[Recorded information — start]

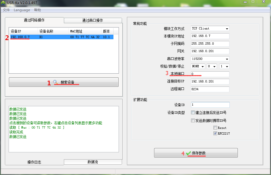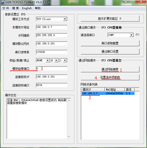 方法:可通过一个网络调试软件(软件点击此处下载),将IP地址和端口设置与当前使用到模块参数相同。使用软件模拟客户端去连接服务器,查看是否能连接上。也可以将服务器重启。
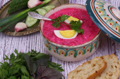 Okroshka z Kwas Chlebowy w drewniane miski i drewnianą łyżką
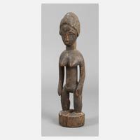 Elfenbeinküste, 2. Hälfte 20. Jh., der Volksgruppe der Baule zugeordnet, Holz beschnitzt, vollplastische Darstellung einer weiblichen Figur, H ca. 32 cm.
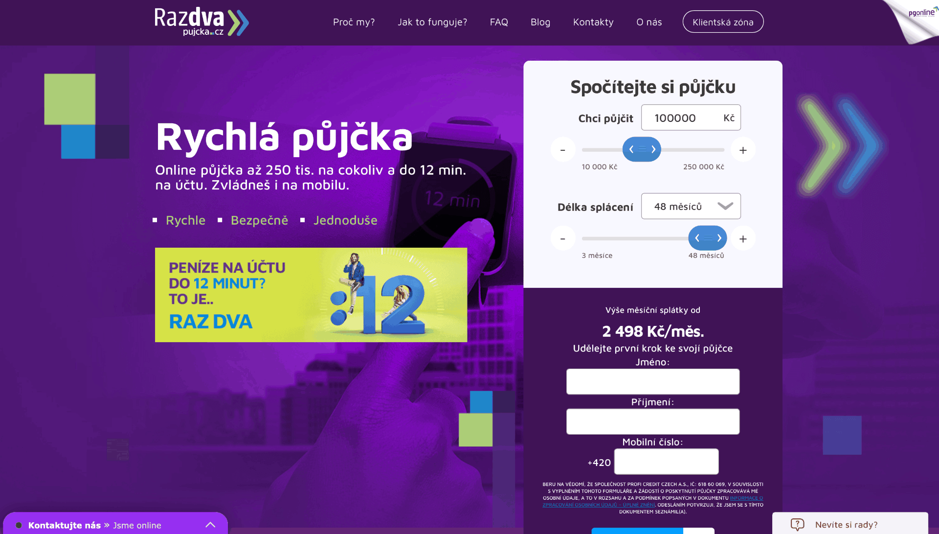 - Rychlé vyřízení: Půjčku si můžete sjednat online během několika minut, a peníze vám budou zaslány na účet nejpozději do dvou dnů od podpisu smlouvy.
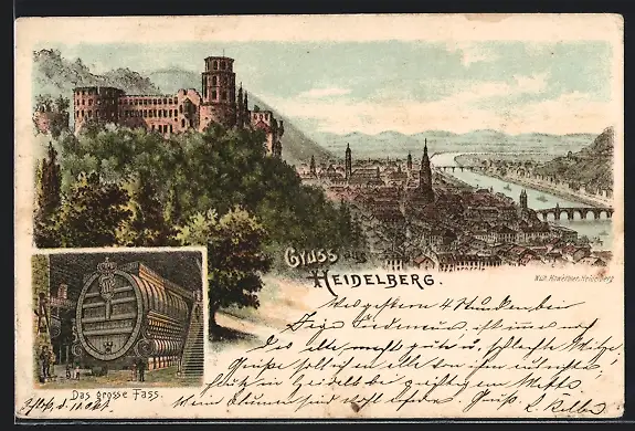 Lithographie Heidelberg, Panorama, Das grosse Fass
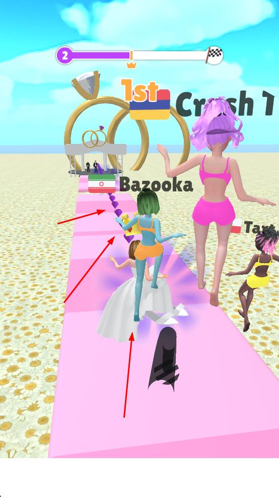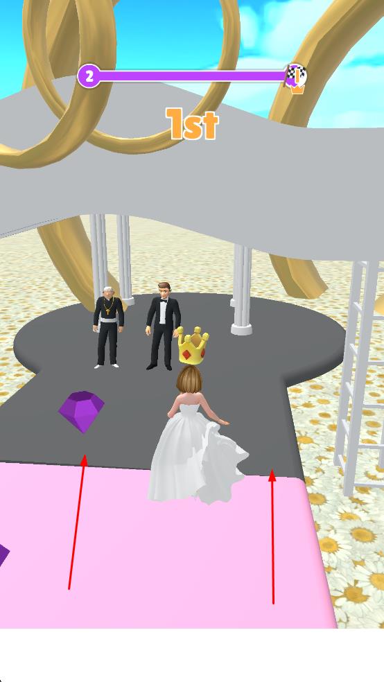 1、操控角色在粉色婚礼跑道上开启竞速,与其他选手竞争,初始排名随进程变化。
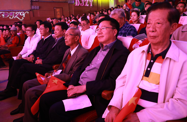 开场舞《盛世欢歌》拉开了演出帷幕。整场演出主题鲜明,内容精彩,大部分为原创节目。舞台上,老干部们神采奕奕、激情飞扬,献上了音乐舞蹈快板《祖国巨变乐开怀》、歌曲《换了人间》、玉韵歌舞《祖国山河披锦绣》、戏曲联唱《情溢乾坤福满家园》、模特展示《诗与旗袍》等原创高品质节目,以及小合唱《我家在中国》、朗诵《今夜星光灿烂》、助演舞蹈《欢乐民族风》等高质量节目,共同歌颂祖国家乡发生的沧桑巨变,细数新时代的成就与梦想,充分展示了离退休干部永远跟党走的火热情怀。特别是93岁的离休干部王淑文老人和她的团队,通过原创歌曲《唱一唱老干部活动中心我晚情的家》表达对当下欢乐、幸福生活的赞美,表达对市委、市政府和老干部工作部门感谢的心声,感动了全场观众。整场演出在全场同唱《我和我的祖国》中精彩落幕。
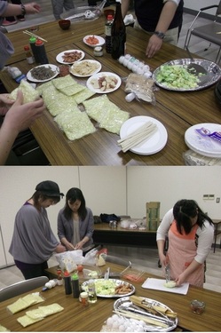 様々な那珂川町の素材や味付けが検討されました♪ そして今回4月16日(月)の第2回目の会議が 開催され1回目で検討された素材と味付けで 何種類か作りテイスティングが行われました♪ まずは素材を並べいざ準備♪ ここで既に食べやすさなども考慮していきます♪ 基本的に絶対に入れよう!という素材も決まり 3種類の味付けでバリエーションは5種類(?) 那珂良しチームもしっかりお手伝い♪ 切ったり炒めたりのShinlyに・・皮をむく佳代姫w "●━ヽ(^.^∬ クッキング♪ ![]() みんなで交代に手伝いながら出来上がった
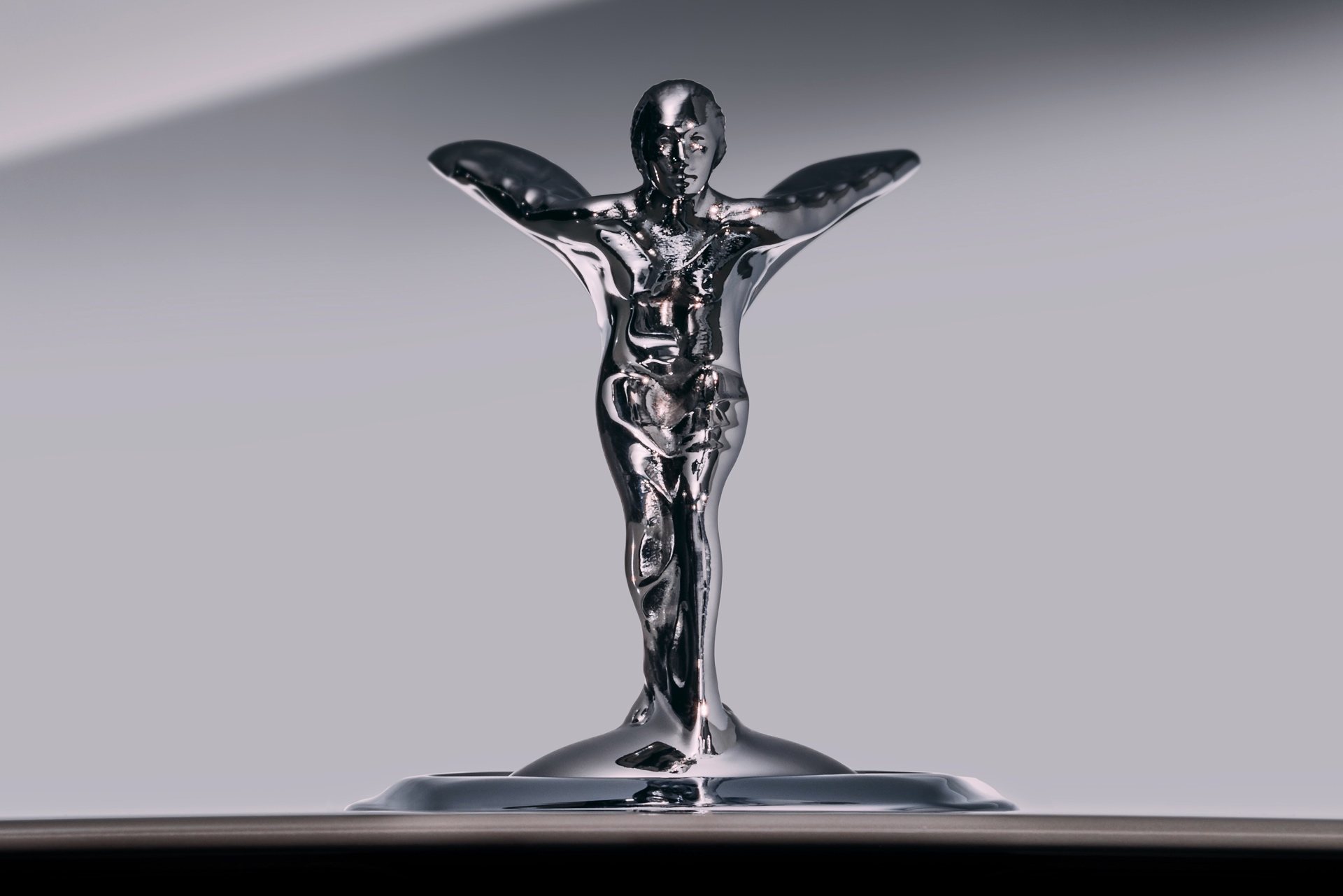 Besonders auffällig ist, dass die bisher durchgestreckten Beine nun angewinkelt sind, außerdem steht eines der beiden Beine etwas weiter vorne als das andere. So nimmt die Spirit of Ecstasy eine viel dynamischere Pose ein. Genau wie bisher wird jede Spirit of Ecstasy nach dem Gießen von Hand finalisiert, weshalb auch jedes Exemplar minimale Unterschiede aufweist.
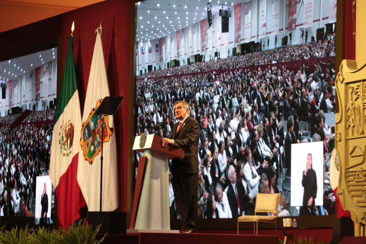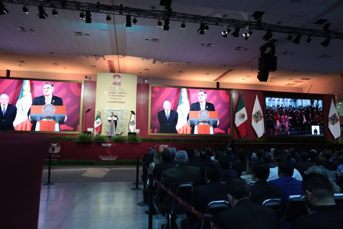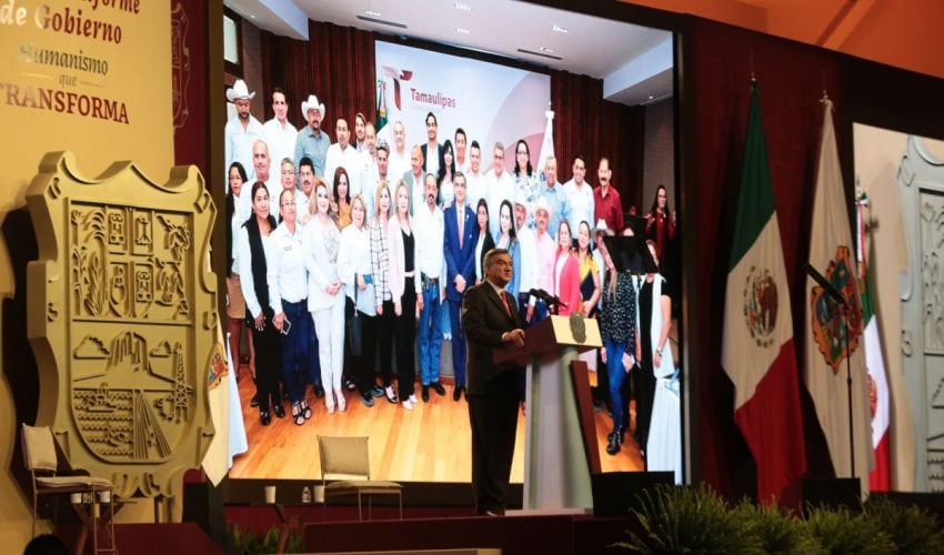 En un mensaje al pueblo de Tamaulipas, desde el Polyforum de Ciudad Victoria, con motivo de su Segundo Informe de Gobierno y ante el secretario de Energía, Miguel Ángel Maciel Torres, quien acudió con la representación del presidente de México, Andrés Manuel López Obrador, el gobernador agregó que en Tamaulipas hay un gobierno que rompió definitivamente con el modelo neoliberal que causó tanto daño al pueblo y al estado y que en los últimos años presentó en nuestra tierra la más decadente de sus versiones.
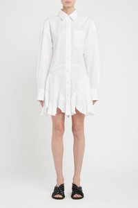 DETAILS AND INSIGHT Stella McCartney ruffled shirt dress in pure white. 100% Cotton Dry clean Made in IT Style 6A0366SMA90-9000
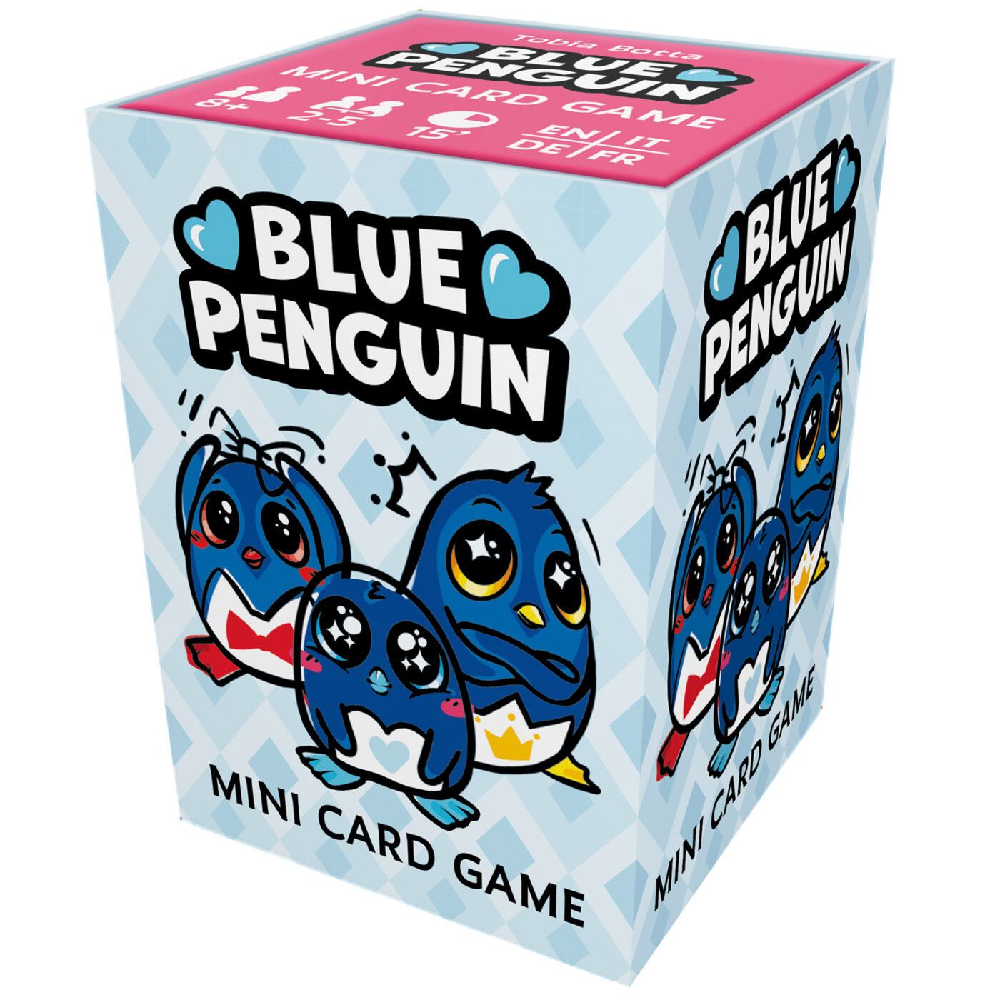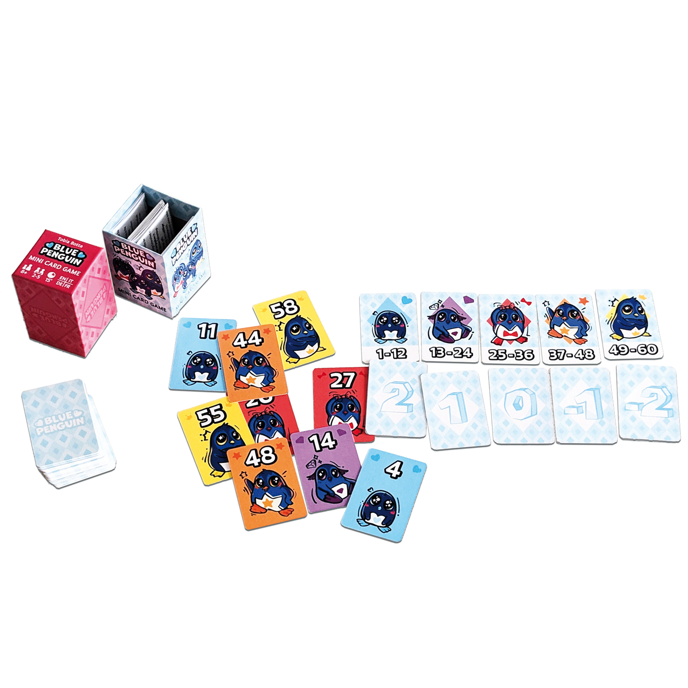 Dans Blue Penguin, chaque joueur essaie d'attirer les pingouins les plus mignons : plus ils sont petits, plus ils sont mignons ! Le problème, c'est que les pingouins suivent toujours les plus grands. À son tour, chaque joueur pose une carte « pingouin » et en pioche une nouvelle. Le joueur qui pose la carte avec le numéro le plus élevé récupère toutes
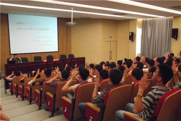 陈纪刚从如何看待心理健康这一问题入手,结合大量生动详实的案例和有趣的心理活动,为在场师生讲解了积极心态的塑造、良好人际关系的奥秘和适应环境的四大逆商等心理知识。他还就同学们关注的有代表性的问题进行了回答。
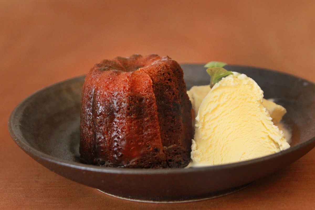 プレーンタイプのカヌレなので、アイスクリームを添えたり、リキュールをかけてみたりとアレンジが楽しめます。写真はカヌレをオーブントースターで温め、アイスクリームを添えたもの。温かいものと冷たいものを同時に味わうのって、おいしいですよ。

[Recorded information — finish]

> _Problem_:
Exact output of each line above is wanted, without the pictures.

> _Answer space_:
 方法:可通过一个网络调试软件(软件点击此处下载),将IP地址和端口设置与当前使用到模块参数相同。使用软件模拟客户端去连接服务器,查看是否能连接上。也可以将服务器重启。
 Okroshka z Kwas Chlebowy w drewniane miski i drewnianą łyżką
 Elfenbeinküste, 2. Hälfte 20. Jh., der Volksgruppe der Baule zugeordnet, Holz beschnitzt, vollplastische Darstellung einer weiblichen Figur, H ca. 32 cm.
 - Rychlé vyřízení: Půjčku si můžete sjednat online během několika minut, a peníze vám budou zaslány na účet nejpozději do dvou dnů od podpisu smlouvy.
 Lithographie Heidelberg, Panorama, Das grosse Fass
 1、操控角色在粉色婚礼跑道上开启竞速,与其他选手竞争,初始排名随进程变化。
 开场舞《盛世欢歌》拉开了演出帷幕。整场演出主题鲜明,内容精彩,大部分为原创节目。舞台上,老干部们神采奕奕、激情飞扬,献上了音乐舞蹈快板《祖国巨变乐开怀》、歌曲《换了人间》、玉韵歌舞《祖国山河披锦绣》、戏曲联唱《情溢乾坤福满家园》、模特展示《诗与旗袍》等原创高品质节目,以及小合唱《我家在中国》、朗诵《今夜星光灿烂》、助演舞蹈《欢乐民族风》等高质量节目,共同歌颂祖国家乡发生的沧桑巨变,细数新时代的成就与梦想,充分展示了离退休干部永远跟党走的火热情怀。特别是93岁的离休干部王淑文老人和她的团队,通过原创歌曲《唱一唱老干部活动中心我晚情的家》表达对当下欢乐、幸福生活的赞美,表达对市委、市政府和老干部工作部门感谢的心声,感动了全场观众。整场演出在全场同唱《我和我的祖国》中精彩落幕。
 様々な那珂川町の素材や味付けが検討されました♪ そして今回4月16日(月)の第2回目の会議が 開催され1回目で検討された素材と味付けで 何種類か作りテイスティングが行われました♪ まずは素材を並べいざ準備♪ ここで既に食べやすさなども考慮していきます♪ 基本的に絶対に入れよう!という素材も決まり 3種類の味付けでバリエーションは5種類(?) 那珂良しチームもしっかりお手伝い♪ 切ったり炒めたりのShinlyに・・皮をむく佳代姫w "●━ヽ(^.^∬ クッキング♪ ![]() みんなで交代に手伝いながら出来上がった
 Besonders auffällig ist, dass die bisher durchgestreckten Beine nun angewinkelt sind, außerdem steht eines der beiden Beine etwas weiter vorne als das andere. So nimmt die Spirit of Ecstasy eine viel dynamischere Pose ein. Genau wie bisher wird jede Spirit of Ecstasy nach dem Gießen von Hand finalisiert, weshalb auch jedes Exemplar minimale Unterschiede aufweist.
 En un mensaje al pueblo de Tamaulipas, desde el Polyforum de Ciudad Victoria, con motivo de su Segundo Informe de Gobierno y ante el secretario de Energía, Miguel Ángel Maciel Torres, quien acudió con la representación del presidente de México, Andrés Manuel López Obrador, el gobernador agregó que en Tamaulipas hay un gobierno que rompió definitivamente con el modelo neoliberal que causó tanto daño al pueblo y al estado y que en los últimos años presentó en nuestra tierra la más decadente de sus versiones.
 DETAILS AND INSIGHT Stella McCartney ruffled shirt dress in pure white. 100% Cotton Dry clean Made in IT Style 6A0366SMA90-9000
 Dans Blue Penguin, chaque joueur essaie d'attirer les pingouins les plus mignons : plus ils sont petits, plus ils sont mignons ! Le problème, c'est que les pingouins suivent toujours les plus grands. À son tour, chaque joueur pose une carte « pingouin » et en pioche une nouvelle. Le joueur qui pose la carte avec le numéro le plus élevé récupère toutes
 陈纪刚从如何看待心理健康这一问题入手,结合大量生动详实的案例和有趣的心理活动,为在场师生讲解了积极心态的塑造、良好人际关系的奥秘和适应环境的四大逆商等心理知识。他还就同学们关注的有代表性的问题进行了回答。
 プレーンタイプのカヌレなので、アイスクリームを添えたり、リキュールをかけてみたりとアレンジが楽しめます。写真はカヌレをオーブントースターで温め、アイスクリームを添えたもの。温かいものと冷たいものを同時に味わうのって、おいしいですよ。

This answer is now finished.